Foreword
Since its inception in 2015, the 2030 Agenda has provided a blueprint for shared prosperity in a sustainable world—a world where all people can live productive, vibrant and peaceful lives on a healthy planet. The year 2030 is just over a decade away, and we must ask ourselves if our actions today are laying the right foundation to achieve the Sustainable Development Goals (SDGs). The Sustainable Development Goals Report 2019 provides evidence-based insights to answer this question.

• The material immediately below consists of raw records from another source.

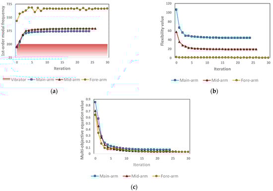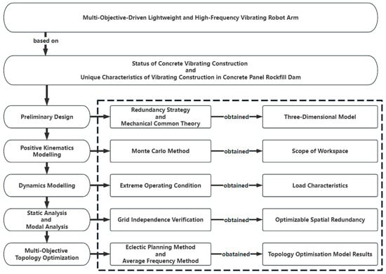 To address the challenges in concrete vibration during the construction of concrete-faced rockfill dams, this study proposes a multi-objective-driven lightweight and high-frequency vibrating robotic arm (VRA). The proposed system aims to improve adaptability and performance under harsh site conditions, such as inclined slab surfaces and confined rebar layouts. Based on the geometric structure and task characteristics of the VRA, a multi-objective topology optimization framework was established, integrating compromise programming and average frequency strategies. This method simultaneously achieves mass reduction, stiffness enhancement, and modal frequency improvement to avoid resonance during high-frequency operations. The workspace of the VRA was verified using kinematic modeling and Monte Carlo sampling, and a critical physical posture—where the arm is fully extended horizontally, producing maximum span and joint loads—was identified to extract dynamic load boundaries. Finite element analysis was then conducted under worst-case conditions, and the optimization results were validated by modal analysis and flexibility metrics. The optimized VRA demonstrated substantial improvements in structural performance, reducing overall mass, lowering flexibility, and increasing modal frequencies. The proposed framework provides a transferable approach for designing high-frequency robotic arms in vibration-intensive scenarios, supporting intelligent construction in concrete-faced rockfill dams and similar complex environments. Full article
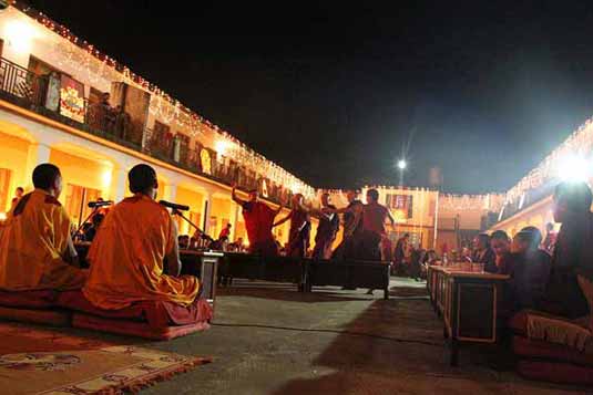 August 3rd, 2011, commemorates the day when Lord Buddha turned his first the wheel of Dharma and spoke the Four Noble Truth to his five companions at Varanasi India. On this day the Palpung tradition is to appoint new Khenpos, Lopons, Discipline masters and other staff at the Monastic College (Shedra) Lungrig Jamphel Ling. Selected monks will teach on Buddhism, while some will debate as well as lighten thousand the butter lamps. This year there are no new Khenpos (abbots) or Lopons (masters), so only the evening religious program took place at 7:00 pm with Venerable Pongri Rinpoche, other Young Rinpoches, Lamas, Khenpos and sangha members of Palpung Sherabling Monastic Seat. This year four monks gave short teachings on different Buddhist topics, followed by a debate. The new discipline master and the new assistant discipline master for the Shedra were appointed by Vajradhara Chamgon 12th Kenting Tai Situpa.
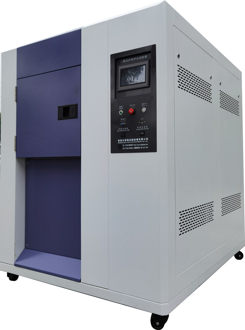 1、三箱設(shè)備區(qū)分為高溫區(qū)、低溫區(qū)、測(cè)試區(qū)三部分,測(cè)試樣品完全靜止于測(cè)試區(qū)。采用獨(dú)特之蓄熱、蓄冷結(jié)構(gòu),強(qiáng)制冷熱風(fēng)路切換方式導(dǎo)入測(cè)試區(qū),沖擊時(shí)高溫區(qū)或低溫區(qū)的溫度沖入測(cè)試區(qū)進(jìn)行沖擊,完成冷熱溫度沖擊測(cè)試。
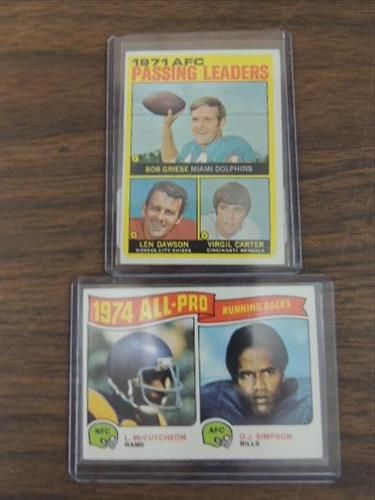 LOT 2 1975 TOPPS #3, 209 FOOTBALL PLAYER CARDS: OJ SIMPSON, BOB GRIESE. AS SHOWN. VIEW PICTURE FOR DETAIL.
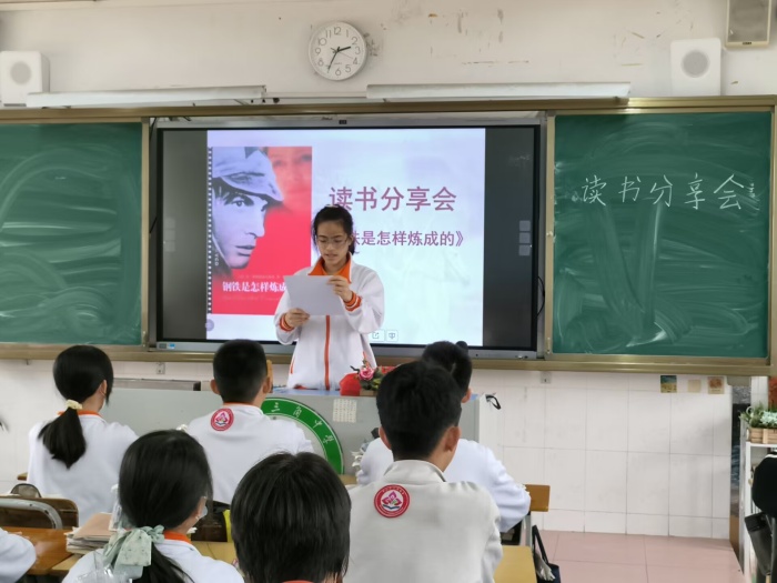 八年級各班同學代表分享的是名著《鋼鐵是怎樣煉成的》,他們用心感悟,用獨特的語言與視角去解讀心目中對于名著《鋼鐵是怎樣煉成的》的閱讀感受,同學們通過走近主人公保爾?柯察金,認識保爾,從他的人生歷程以及鋼鐵般的精神中,汲取奮發(fā)向上的成長力量。
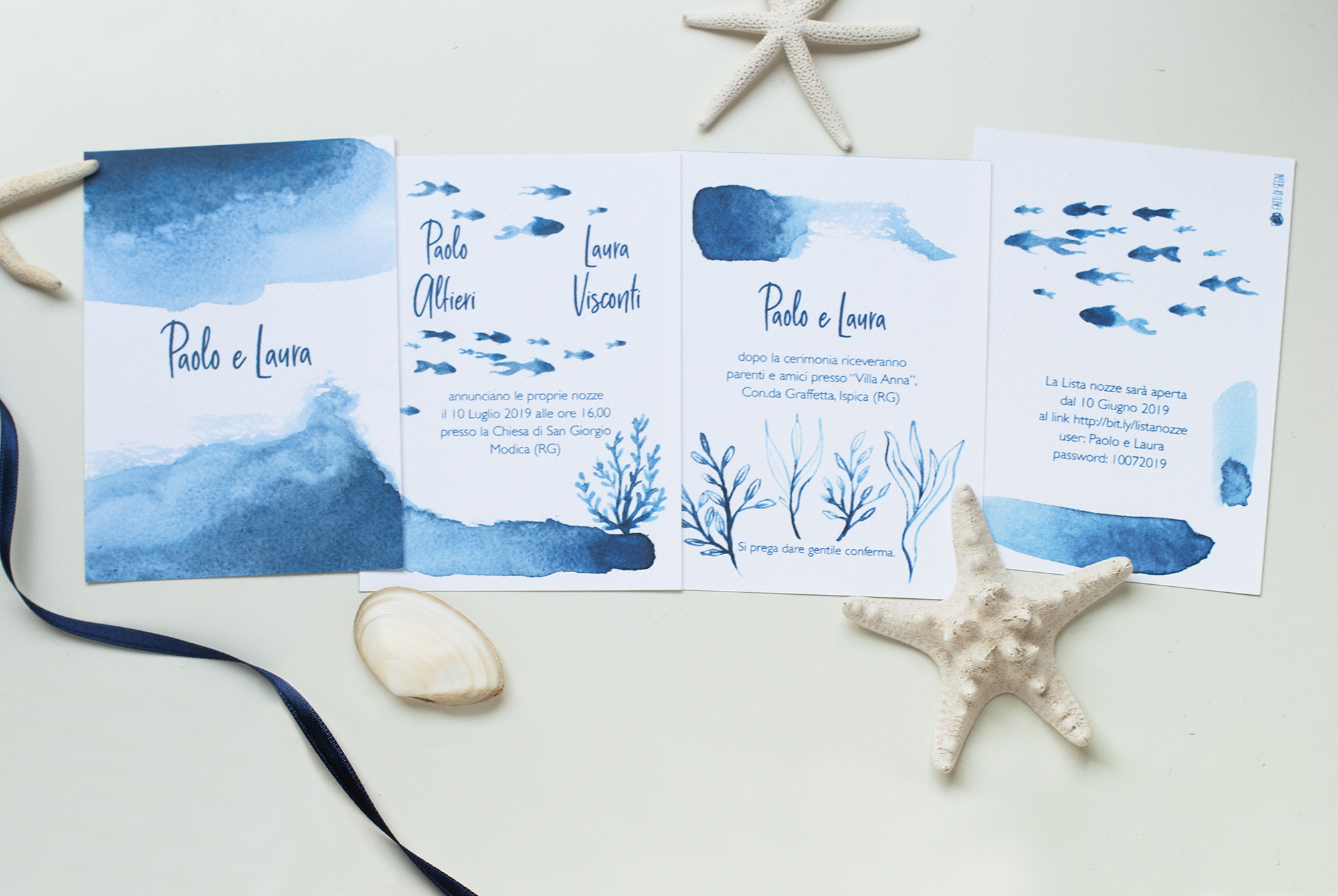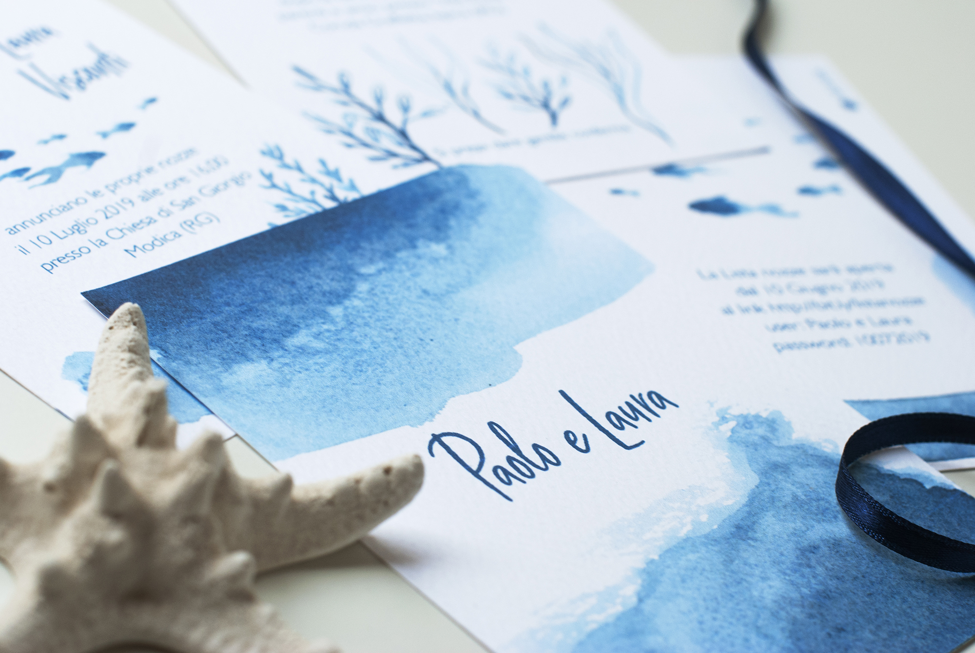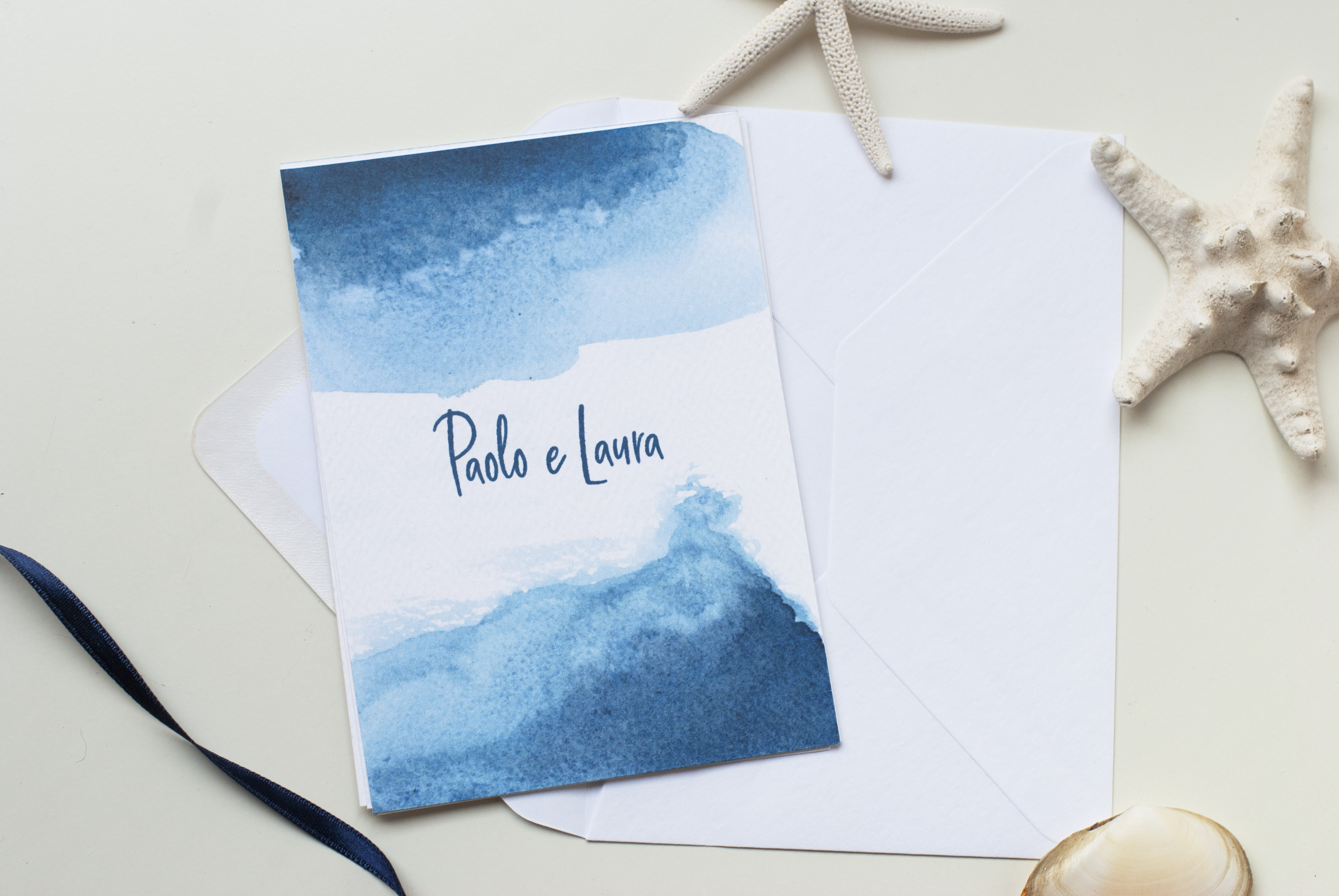 É possibile scegliere il tipo di busta per completare la partecipazione, tra una busta realizzata artigianalmente in carta blu rivestita all’interno con una texture marina, oppure, una busta standard coordinata al cartoncino della partecipazione.

The report demonstrates that progress is being made in some critical areas, and that some favorable trends are evident. Extreme poverty has declined considerably, the under-5 mortality rate fell by 49 per cent between 2000 and 2017, immunizations have saved millions of lives, and the vast majority of the world’s population now has access to electricity. Countries are taking concrete actions to protect our planet: marine protected areas have doubled since 2010; countries are working concertedly to address illegal fishing; 186 parties have ratified the Paris Agreement on climate change, and almost all have communicated their first nationally determined contributions. About 150 countries have developed national policies to respond to the challenges of rapid urbanization, and 71 countries and the European Union now have more than 300 policies and instruments supporting sustainable consumption and production. And a wide range of other actors—international organizations, businesses, local authorities, the scientific community and civil society—have engaged with the SDGs in a manner that generates great hope for the coming decade. The United Nations, for its part, is working hard to reposition to the United Nations development system to be better equipped to meet the needs of governments to respond to this integrated and transformative agenda.
Notwithstanding that progress, this report identifies many areas that need urgent collective attention. The natural environment is deteriorating at an alarming rate: sea levels are rising; ocean acidification is accelerating; the past four years have been the warmest on record; one million plant and animal species are at risk of extinction; and land degradation continues unchecked. We are also moving too slowly in our efforts to end human suffering and create opportunity for all: our goal to end extreme poverty by 2030 is being jeopardized as we struggle to respond to entrenched deprivation, violent conflicts and vulnerabilities to natural disasters. Global hunger is on the rise, and at least half of the world’s population lacks essential health services. More than half of the world’s children do not meet standards in reading and mathematics; only 28 per cent of persons with severe disabilities received cash benefits; and women in all parts of the world continue to face structural disadvantages and discrimination.
It is abundantly clear that a much deeper, faster and more ambitious response is needed to unleash the social and economic transformation needed to achieve our 2030 goals. From our advances, we know what works. This report therefore highlights areas that can drive progress across all 17 SDGs: financing; resilience; sustainable and inclusive economies; more effective institutions; local action; better use of data; and harnessing science, technology and innovation with a greater focus on digital transformation. In everything we do, we must diligently ensure that policy choices leave no one behind, and that national efforts are supported by effective international cooperation, grounded in a commitment to diplomacy and crisis prevention.
The SDG Summit, the Climate Action Summit and the other crucial meetings that will take place in New York in September 2019 provide leaders everywhere with an opportunity to get the world back on track and to kick-start a decade of delivery for people and the planet. The time is right, and we must act now. In that spirit, I commend this report to a wide global audience.
The coming years will be a vital period to save the planet and to achieve sustainable, inclusive human development.